COVID-19 Vaccine illustration.
Coronavirus Disease or known as COVID-19 is an infectious disease caused by a newly discovered coronavirus called SARS-CoV-2. It spreads primarily through droplets of saliva or nose discharge when an infected person coughs or sneezes.
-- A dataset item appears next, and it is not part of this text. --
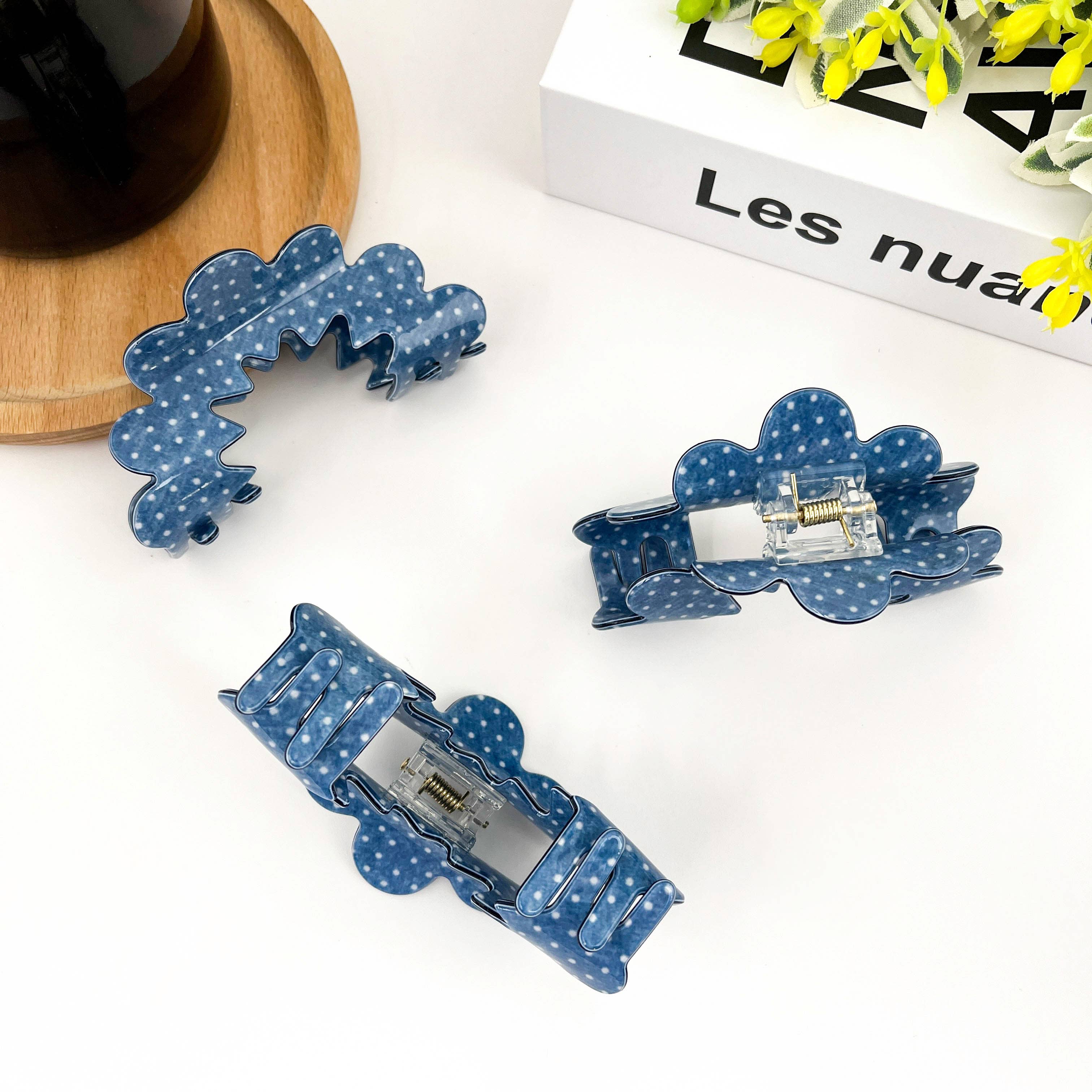 Elegant Blue Wave Hair Clip: Dark Blue

Most people infected by COVID-19 virus will experience mild to moderate respiratory illness and recover without requiring special treatment. But at the other hand, older people and those with underlying medical conditions are more likely to develop more serious complications.
COVID-19 vaccination is one of the ways to prevent people from developing the illness and its consequences. COVID-19 vaccines produce protection against the disease by developing an immune response to the virus. The first mass vaccination programme started in early December 2020. This project aims to see the progress of COVID-19 vaccination in the world up to March 30, 2021. The dataset that will be used in this project is obtained from Kaggle which provides the data of daily vaccination progress for each country.
There are several things that I want to explore through this dataset:
- The most used types of COVID-19 Vaccine in the world (to date)
- Top 10 Countries with the highest percentage of people fully vaccinated in the world
- Top 10 Countries with the highest number of daily vaccinations per million in average
- ASEAN Countries’ COVID-19 Daily Vaccination Progress
- Indonesia’s COVID-19 Vaccination Progress
Before exploring the data, load necessary libraries first.
library(ggplot2) # for data visualization
library(dplyr) # for data manipulation
library(RColorBrewer) # for data visualization
library(lubridate) # for converting datetime data type
library(scales)
Read the dataset and let’s inspect the first rows.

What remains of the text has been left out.